## DATA SUPPLIED
+ + +

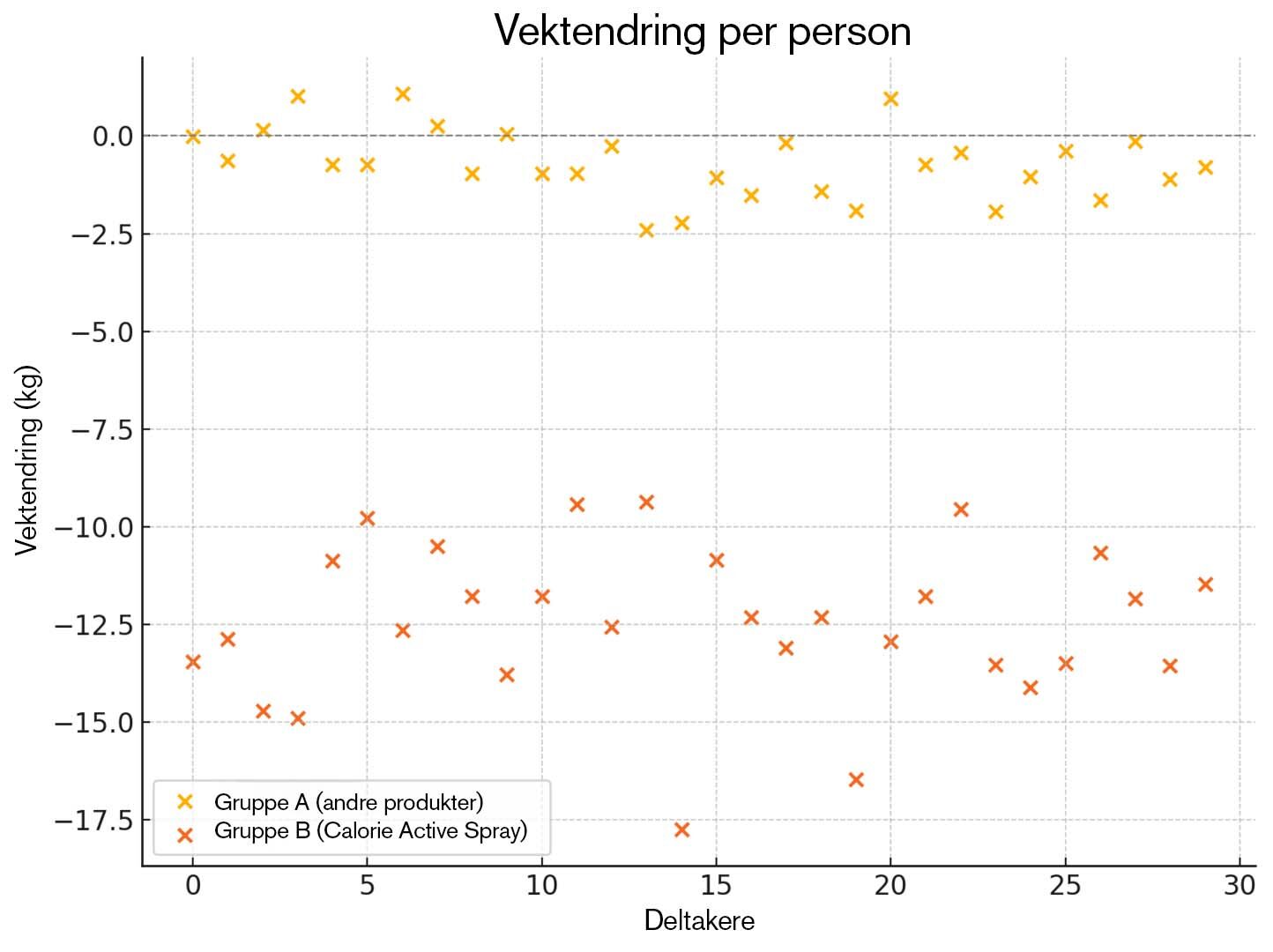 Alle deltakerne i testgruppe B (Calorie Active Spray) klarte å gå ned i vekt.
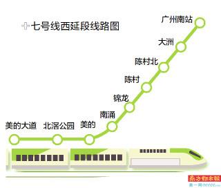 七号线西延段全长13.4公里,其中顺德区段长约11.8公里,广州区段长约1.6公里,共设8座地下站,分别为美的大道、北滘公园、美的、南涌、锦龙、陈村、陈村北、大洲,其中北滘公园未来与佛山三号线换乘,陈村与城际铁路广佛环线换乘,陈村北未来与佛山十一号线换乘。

+ + +

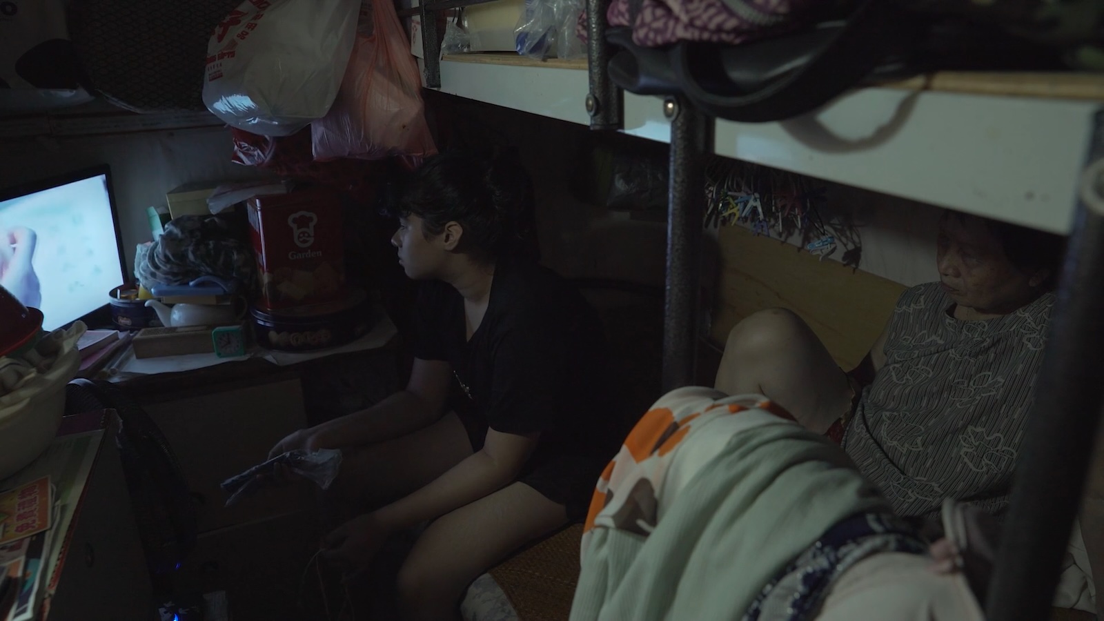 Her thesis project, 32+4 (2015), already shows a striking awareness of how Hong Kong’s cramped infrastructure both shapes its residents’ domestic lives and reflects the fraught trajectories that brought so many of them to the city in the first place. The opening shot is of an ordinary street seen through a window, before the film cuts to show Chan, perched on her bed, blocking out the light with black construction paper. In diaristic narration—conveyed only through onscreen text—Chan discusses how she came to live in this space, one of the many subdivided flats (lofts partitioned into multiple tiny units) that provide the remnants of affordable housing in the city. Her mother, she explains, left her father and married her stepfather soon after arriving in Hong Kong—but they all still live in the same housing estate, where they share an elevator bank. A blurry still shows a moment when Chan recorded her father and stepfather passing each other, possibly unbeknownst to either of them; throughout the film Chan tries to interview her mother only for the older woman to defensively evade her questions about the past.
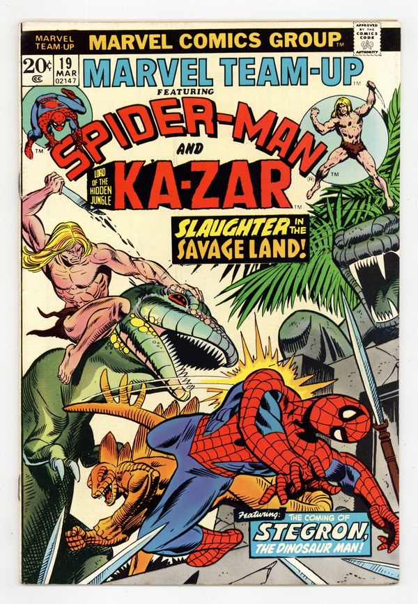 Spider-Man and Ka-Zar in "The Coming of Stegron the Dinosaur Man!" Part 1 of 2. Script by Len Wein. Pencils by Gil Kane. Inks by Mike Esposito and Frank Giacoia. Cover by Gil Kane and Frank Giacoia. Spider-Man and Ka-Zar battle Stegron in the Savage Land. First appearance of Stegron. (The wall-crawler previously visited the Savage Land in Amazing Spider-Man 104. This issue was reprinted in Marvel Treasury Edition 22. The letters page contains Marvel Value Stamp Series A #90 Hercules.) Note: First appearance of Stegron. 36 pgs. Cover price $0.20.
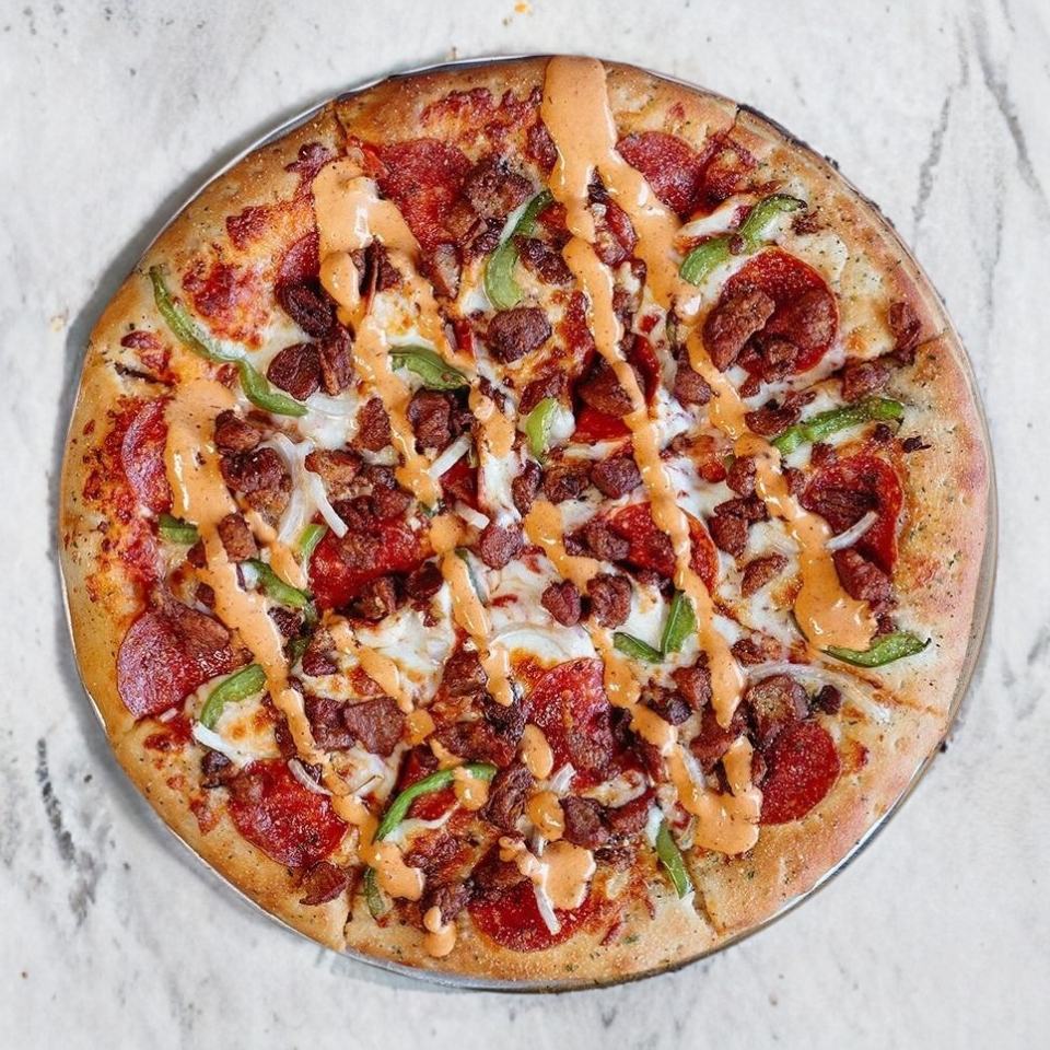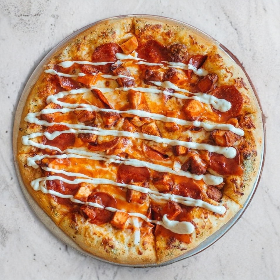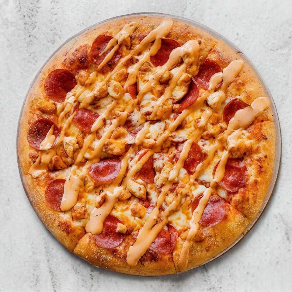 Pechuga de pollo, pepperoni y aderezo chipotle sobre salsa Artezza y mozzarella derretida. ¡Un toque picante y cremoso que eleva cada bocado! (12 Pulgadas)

+ + +

## AIM OF THE TASK
Restate word for word every line from the one with "Alle deltakerne i" up to and including the one with "七号线西延段全长13.4公里" in the records above, minus the pictures.

## TASK ANSWER
 Alle deltakerne i testgruppe B (Calorie Active Spray) klarte å gå ned i vekt.
 七号线西延段全长13.4公里,其中顺德区段长约11.8公里,广州区段长约1.6公里,共设8座地下站,分别为美的大道、北滘公园、美的、南涌、锦龙、陈村、陈村北、大洲,其中北滘公园未来与佛山三号线换乘,陈村与城际铁路广佛环线换乘,陈村北未来与佛山十一号线换乘。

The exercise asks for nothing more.